#### TASK TO COMPLETE
Starting at the first line of the listing below, repeat each line exactly until the line containing "Anonimo , Sironi, Mario", which you include. Leave out pictures.

#### RAW DATA
◆ ◆ ◆ ◆ ◆

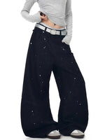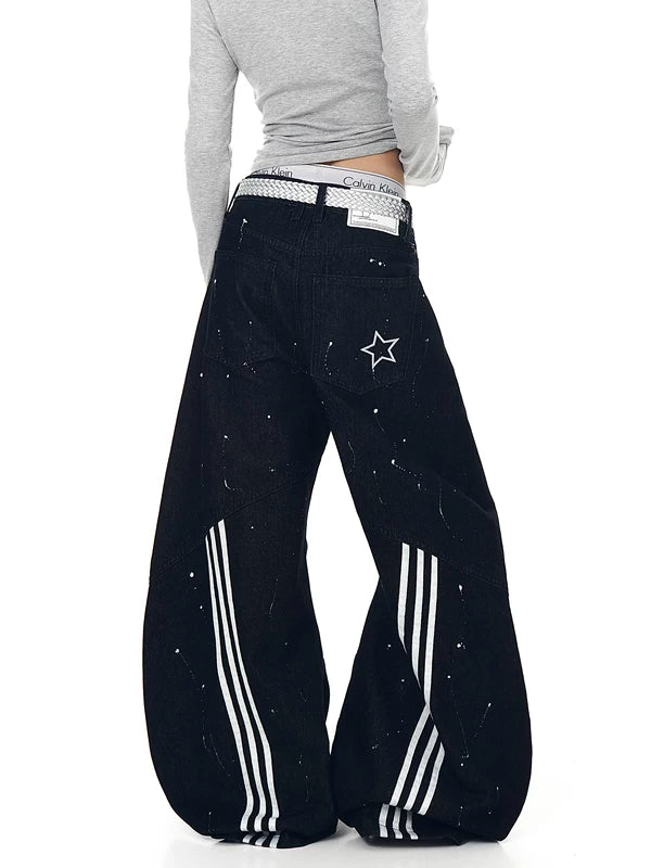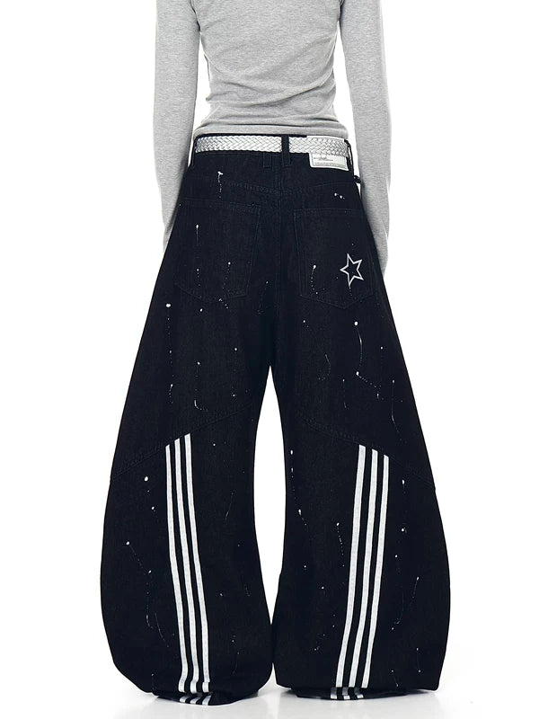 Deconstructed Geniş Paça Çizgili Boya Sıçrama Pantolonları
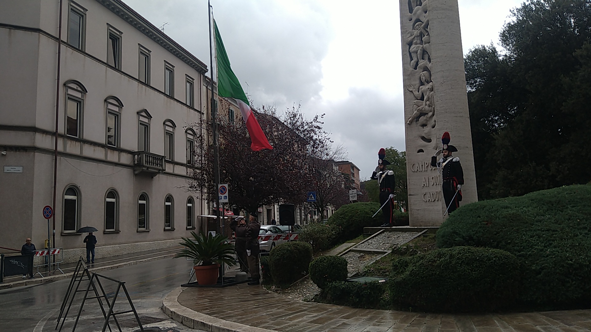 Il corteo, con i rappresentanti militari e istituzionali, è partito da Piazza Pepe per raggiungere Piazza della Vittoria, dove, presso il Monumento ai Caduti, la Cerimonia è entrata nel vivo con l’Alzabandiera solenne, gli Onori ai Caduti e le deposizioni delle corone d’alloro.
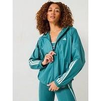 adidas Womens Training Hyperglam Windbreaker Jacket Size & Fit True to size - order your usual size Regular fit Regular length Available in sizes XS - 2XL Details End Use: Training Womens Training Hyperglam Windbreaker Jacket by adidas Green Windbreaker Lined With water resistant coating Standup collar Long elasticated cuff sleeves Zip up fastening Side seam pockets Fixed hood Material & Care Material Content: 100% Polyester -Ripstop
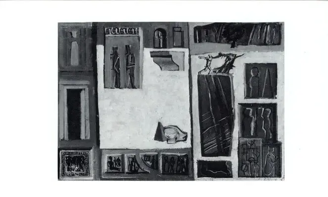 Anonimo , Sironi, Mario - sec. XX - Composizione arcaica con paesaggio Anonimo
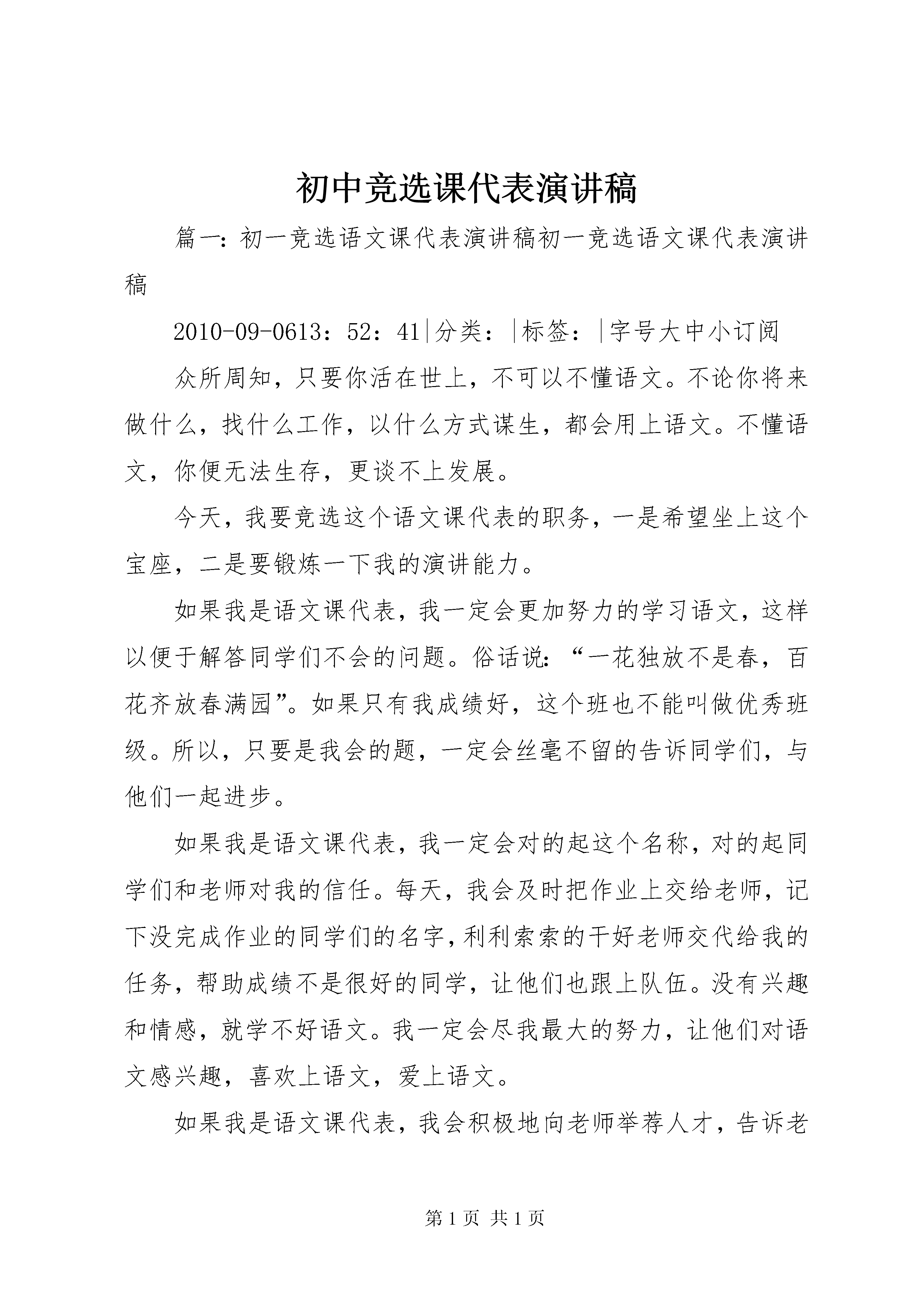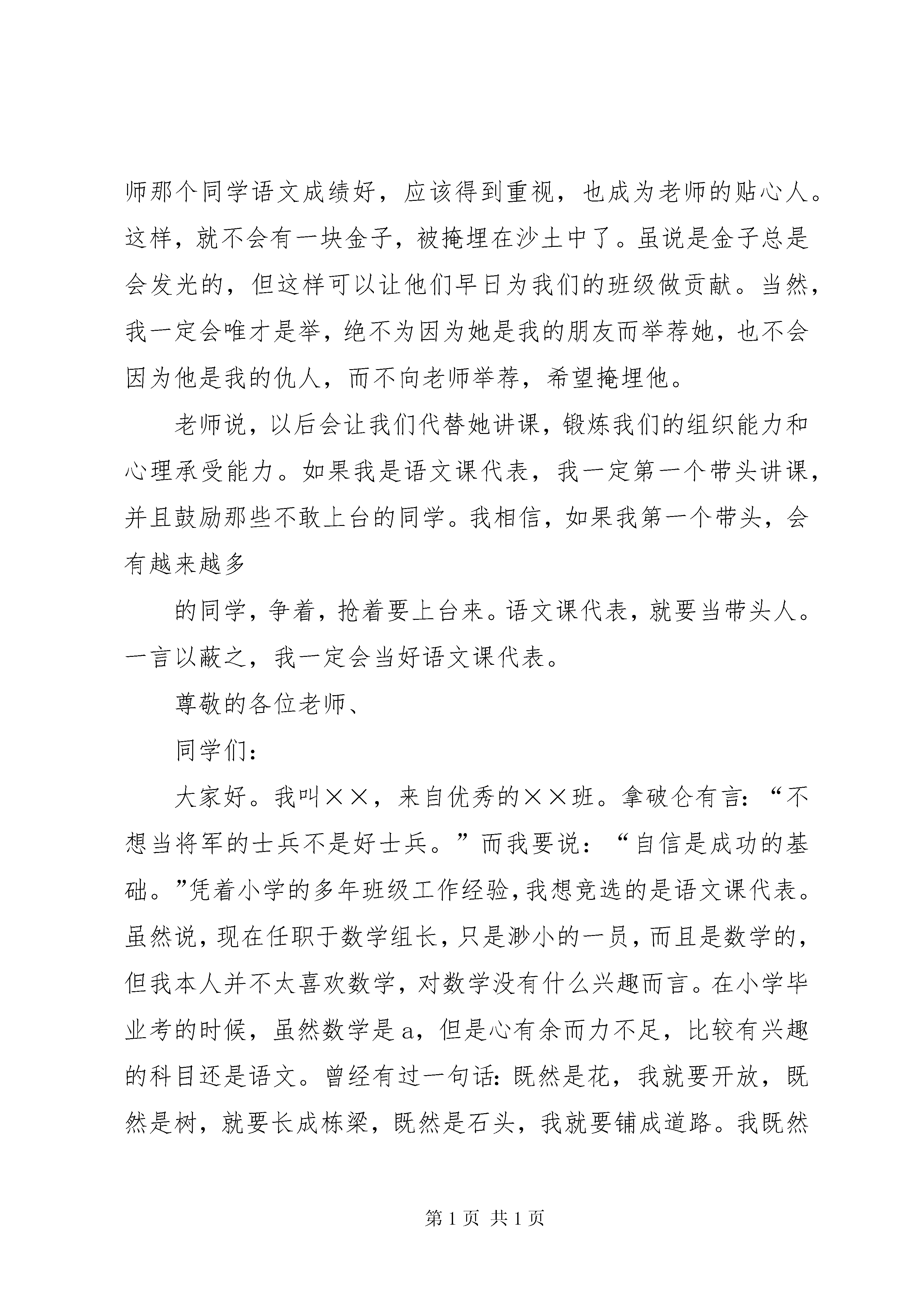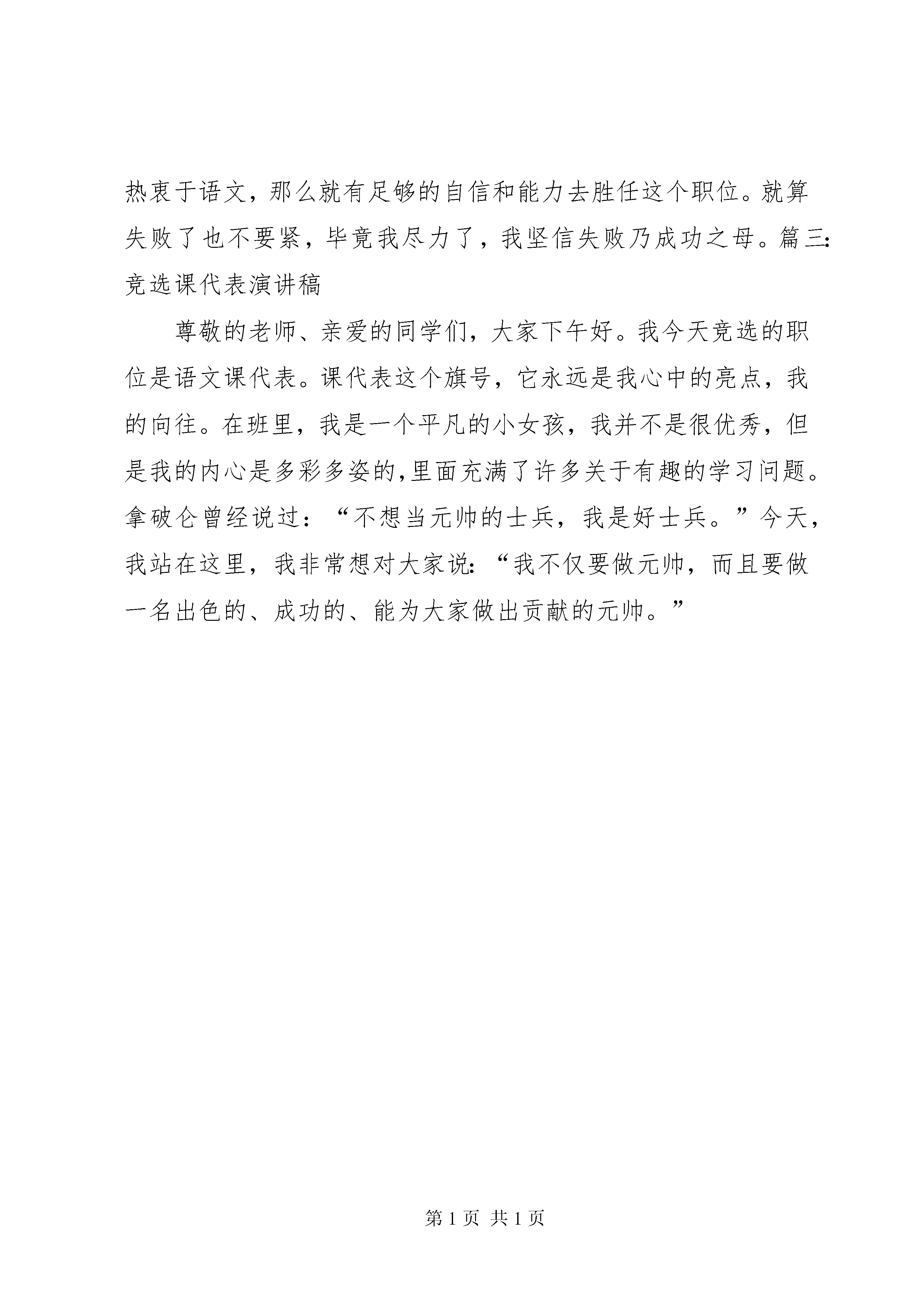 初中竞选课代表演讲稿篇一:初一竞选语文课代表演讲稿初一竞选语文课代表演讲稿2010-09-0613:52:41|分类:|标签:|字号大中小订阅众所周知,只要你活在世上,不可以不懂语文。不论你将来做什么,找什么工作,以什么方式谋生,都会用上语文。不懂语文,你便无法生存,更谈不上发展。今天,我要竞选这个语文课代表的职务,一是希望坐上这个宝座,二是要锻炼一下我的演讲能力。如果我是语文课代表,我一定会更加努力的学习语文,这样以便于解答同学们不会的问题。俗话说:“一花独放不是春,百花齐放春满园”。如果只有我成绩好,这个班也不能叫做优秀班级。所以,只要是我会的题,一定会丝毫不留的告诉同学们,与他们一起进步。如果我是语文课代表,我一定会对的起这个名称,对的起同学们和老师对我的信任。每天,我会及时把作业上交给老师,记下没完成作业的同学们的名字,利利索索的干好老师交代给我的任务,帮助成绩不是很好的同学,让他们也跟上队伍。没有兴趣和情感,就学不好语文。我一定会尽我最大的努力,让他们对语文感兴趣,喜欢上语文,爱上语文。如果我是语文课代表,我会积极地向老师举荐人才,告诉老师那个同学语文成绩好,应该得到重视,也成为老师的贴心人。这样,就不会有一块金子,被掩埋在沙土中了。虽说是金子总是会发光的,但这样可以让他们早日为我们的班级做贡献。当然,我一定会唯才是举,绝不为因为她是我的朋友而举荐她,也不会因为他是我的仇人,而不向老师举荐,希望掩埋他。老师说,以后会让我们代替她讲课,锻炼我们的组织能力和心理承受能力。如果我是语文课代表,我一定第一个带头讲课,并且鼓励那些不敢上台的同学。我相信,如果我第一个带头,会有越来越多的同学,争着,抢着要上台来。语文课代表,就要当带头人。一言以蔽之,我一定会当好语文课代表。尊敬的各位老师、同学们:大家好。我叫××,来自优秀的××班。拿破仑有言:“不想当将军的士兵不是好士兵。”而我要说:“自信是成功的基础。”凭着小学的多年班级工作经验,我想竞选的是语文课代表。虽然说,现在任职于数学组长,只是渺小的一员,而且是数学的,但我本人并不太喜欢数学,对数学没有什么兴趣而言。在小学毕业考的时候,虽然数学是a,但是心有余而力不足,比较有兴趣的科目还是语文。曾经有过一句话:既然是花,我就要开放,既然是树,就要长成栋梁,既然是石头,我就要铺成道路。我既然热衷于语文,那么就有足够的自信和能力去胜任这个职位。就算失败了也不要紧,毕竟我尽力了,我坚信失败乃成功之母。篇三:竞选课代表演讲稿尊敬的老师、亲爱的同学们,大家下午好。我今天竞选的职位是语文课代表。课代表这个旗号,它永远是我心中的亮点,我的向往。在班里,我是一个平凡的小女孩,我并不是很优秀,但是我的内心是多彩多姿的,里面充满了许多关于有趣的学习问题。拿破仑曾经说过:“不想当元帅的士兵,我是好士兵。”今天,我站在这里,我非常想对大家说:“我不仅要做元帅,而且要做一名出色的、成功的、能为大家做出贡献的元帅。”

◆ ◆ ◆ ◆ ◆

#### SOLUTION
 Deconstructed Geniş Paça Çizgili Boya Sıçrama Pantolonları
 Il corteo, con i rappresentanti militari e istituzionali, è partito da Piazza Pepe per raggiungere Piazza della Vittoria, dove, presso il Monumento ai Caduti, la Cerimonia è entrata nel vivo con l’Alzabandiera solenne, gli Onori ai Caduti e le deposizioni delle corone d’alloro.
 adidas Womens Training Hyperglam Windbreaker Jacket Size & Fit True to size - order your usual size Regular fit Regular length Available in sizes XS - 2XL Details End Use: Training Womens Training Hyperglam Windbreaker Jacket by adidas Green Windbreaker Lined With water resistant coating Standup collar Long elasticated cuff sleeves Zip up fastening Side seam pockets Fixed hood Material & Care Material Content: 100% Polyester -Ripstop
 Anonimo , Sironi, Mario - sec. XX - Composizione arcaica con paesaggio Anonimo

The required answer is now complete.